Not implementing budget substantially is also a drawback that has led to these dislocations within the police force, that would make a policeman, who is poorly paid, to purchase his own uniform. Lack of budget implementation is the reason why salaries are poor, not paid on time, and often illicitly and fraudulently embezzled by the presiding officers and their junior collaborators.

Where is the tailoring department of the police of old? Where is the mechanical department? Where is the electrical department? They have fallen under the weight of corruption and financial malfeasance. They only exist in the potbellies of those gluttonic officers who would always deep their filthy hands into the public till to steal what does not belong to them. Our administrative structure is bizarre to the realities elsewhere. Our social security is zero.
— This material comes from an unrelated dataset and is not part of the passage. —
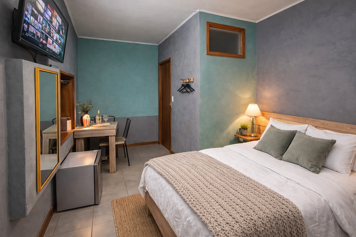 Mysig inredning lägenhet, oberoende, har 1 dubbelsäng, byrå, nattduksbord, lampa, badrum och kök, varmt vatten (värmare), kök utrustat med kylskåp, vattenkokare, kök med ugn, mikrovågsugn, redskap. Matsal för två, för att servera mat eller arbeta på dator. WIFI-område. En rymlig tak quincho och en liten pool, ett pingisbord för de flesta idrottare. Det är ett lugnt ställe, med trädgårdar, nära centrum.

Our health insurance is nil. When public servants are not sure of life in retirement, when their miserable pensions are not paid on time, what you get is a culture of acquisition through corrupt and sharp practices to save for the unknown.

The aged are never remembered. Watching television, you are saluted with Nigerians who are suffering from one ailment or the other, soliciting for funds from good Samaritans and philanthropists to be able to get medical attention elsewhere, while you hear billions of Naira being fretted away in the name of palliatives that only existed in the warped imagination of those government apologists. We have institutional failures, we have infrastructural decay. What the #EndSARS protesters are asking for is improved services and institutional reforms that would guarantee a better society for all.

It is not just about SARS alone, it is about governance and leadership responsibility. It is about building an egalitarian society, where justice reigns. It is a wake-up call and a strong reminder to politicians and political players that it is no longer going to be business as usual. One just hopes some of these themes would come to play when the leadership recruitment process begins in the build-up to the 2023 election.